I rearranged the scene and instead of the having the characters looking down at the Prince of Peace I positioned them so that they were all looking anxiously around the table for the lost baby. Looking at the chaos on my table I was reminded of the prophecy in Isaiah, "See, the virgin will become pregnant and give birth to a son, and they will name Him Emmanuel, which is translated, "God is with us."
As I thought about what this means I was reminded of something that had happened earlier this year. I was confronted by a situation that overwhelmed me. I saw no solution. I felt afraid. As I began to pray I heard in my spirit the words from Isaiah, "Do not fear, for I am with you." I turned my thoughts away from the situation that brought me anxiety and focused instead on Emmanuel.
In the intimacy of prayer I heard His voice, "Do not be dismayed, for I am your God. I will strengthen you and help you; I will uphold you with my righteous right hand." I felt my weakness exchanged for His strength, my fear was replaced by His peace.
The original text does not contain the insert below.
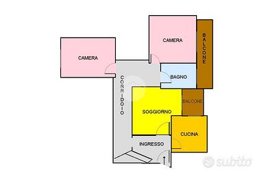 Al suo interno è composto di: ingresso in disimpegno, soggiorno con accesso ad un'ampia balconata, cucina, corridoio, ripostiglio, due camere da letto e bagno.

Sometimes I have a level of anxiety that comes with the Christmas season. It's a feeling of being incomplete, not enough. The missing baby in the manger caused me to pause and reflect on what it means to have an ever present God. A God who was, who is, and who is coming again. It caused me to think about the Almighty God who is the Prince of Peace who came as a shepherd to find me. I was the one lost, not Him. As I meditate on this truth I hear deep in my spirit, "Do not be afraid, I am with you."